D’où vient votre intérêt pour cette communauté?

Je connais la Roumanie depuis 1990, après la chute de Ceausescu. Je suis allé apporter du matériel de construction pour un orphelinat dans la ville de Gherla. Puis avec des amis, nous avons fondé une association d’aide à la Roumanie. Nous sommes présents depuis plus de vingt ans et avons un taux de réussite élevé. Tout le monde connaît nos exigences. Nous aidons notamment un collège où les Roms sont acceptés, ce qui n’est pas le cas partout. Les responsables mettent un bus scolaire à disposition, offrent une collation aux enfants le matin, assurent un soutien pour les leçons après l’école… De tels systèmes d’incitation devraient être généralisés.

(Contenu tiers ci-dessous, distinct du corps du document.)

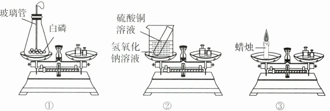 D [解析]实验①白磷燃烧生成五氧化二磷,在密闭装置中进行,可以验证质量守恒定律;实验②氢氧化钠与硫酸铜反应生成氢氧化铜沉淀与硫酸钠,发生了化学变化,没有气体生成可以验证质量守恒定律;实验③蜡烛燃烧生成二氧化碳与水,有气体参加反应、生成,故必须在密闭的环境下进行实验才能验证质量守恒定律。由分析可知,实验③不能验证质量定律,A正确;由分析可知,该反应放热,若装置未冷却至室温,气球膨胀,产生浮力,会导致质量偏小,指针向右偏转,B正确;实验②无气体参加、生成,且符合质量守恒定律,故实验②反应前后天平始终保持平衡,C正确;实验③蜡烛燃烧消耗氧气,生成二氧化碳和水,根据反应前后物质的总质量不变,则固体减少的质量为释放到空气中的水蒸气与二氧化碳的质量总和减去消耗的氧气的质量,D错误。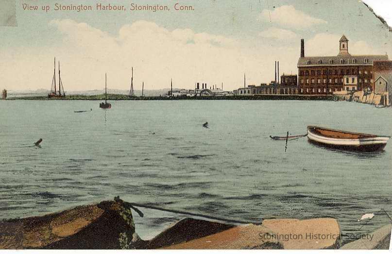 Old postcard of view up Stonington Harbor showing Atwood Machine Co. facing east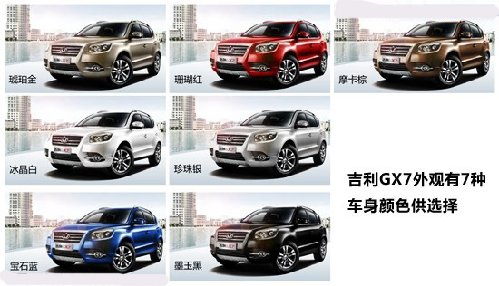 新車(chē)共有7中車(chē)身顏色可以選擇,其中,珊瑚紅、琥珀金、寶石藍(lán)以及摩卡棕是此次的新增色,每一種顏色都很好地表現(xiàn)出了GX7的精致和飽滿。

Et nous, que pouvons-nous faire?

Deux francs, c’est juste pour un jour. Les Roms se plaignent de ne plus gagner beaucoup, cela tourne entre 7 fr. et 20 fr. en moyenne. Ce n’est pas avec ce type de revenu qu’on peut avancer. Des organisations comme Terre des hommes sont présentes là-bas depuis longtemps, avec des projets qui tiennent la route. Notamment un projet de scolarisation dans 164 communes. Ils forment des assistants sociaux et des éducateurs, montent des cantines scolaires, pour aider les gens à rester chez eux.

Votre foi joue-t-elle un rôle dans votre engagement?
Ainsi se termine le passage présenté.